*** Supplied data

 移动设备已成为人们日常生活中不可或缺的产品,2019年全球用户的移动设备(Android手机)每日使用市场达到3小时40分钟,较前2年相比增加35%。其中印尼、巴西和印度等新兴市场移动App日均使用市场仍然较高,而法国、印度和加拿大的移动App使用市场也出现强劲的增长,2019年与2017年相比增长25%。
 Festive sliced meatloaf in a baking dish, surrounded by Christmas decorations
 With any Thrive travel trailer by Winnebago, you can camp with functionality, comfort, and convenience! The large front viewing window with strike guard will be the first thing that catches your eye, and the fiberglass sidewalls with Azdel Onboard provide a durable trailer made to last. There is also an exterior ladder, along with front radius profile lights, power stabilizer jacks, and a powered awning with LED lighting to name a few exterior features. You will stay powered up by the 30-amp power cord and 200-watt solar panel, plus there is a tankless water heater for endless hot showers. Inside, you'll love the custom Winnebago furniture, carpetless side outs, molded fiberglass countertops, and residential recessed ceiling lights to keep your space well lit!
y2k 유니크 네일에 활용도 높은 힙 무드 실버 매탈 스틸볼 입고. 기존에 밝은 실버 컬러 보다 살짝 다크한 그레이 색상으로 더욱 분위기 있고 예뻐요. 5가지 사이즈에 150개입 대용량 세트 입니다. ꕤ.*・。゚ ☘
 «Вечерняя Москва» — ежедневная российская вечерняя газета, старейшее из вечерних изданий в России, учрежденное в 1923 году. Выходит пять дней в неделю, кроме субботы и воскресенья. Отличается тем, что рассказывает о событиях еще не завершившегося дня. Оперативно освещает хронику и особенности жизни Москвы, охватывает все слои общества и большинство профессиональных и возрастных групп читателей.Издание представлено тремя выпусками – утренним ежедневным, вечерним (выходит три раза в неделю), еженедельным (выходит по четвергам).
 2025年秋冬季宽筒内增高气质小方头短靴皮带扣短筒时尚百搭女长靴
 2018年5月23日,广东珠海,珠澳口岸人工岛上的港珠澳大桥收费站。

******

To do – Word for word, reproduce the listing above from its start up to and including the line that has "Festive sliced meatloaf". Give only those lines.

Task result –
 移动设备已成为人们日常生活中不可或缺的产品,2019年全球用户的移动设备(Android手机)每日使用市场达到3小时40分钟,较前2年相比增加35%。其中印尼、巴西和印度等新兴市场移动App日均使用市场仍然较高,而法国、印度和加拿大的移动App使用市场也出现强劲的增长,2019年与2017年相比增长25%。
 Festive sliced meatloaf in a baking dish, surrounded by Christmas decorations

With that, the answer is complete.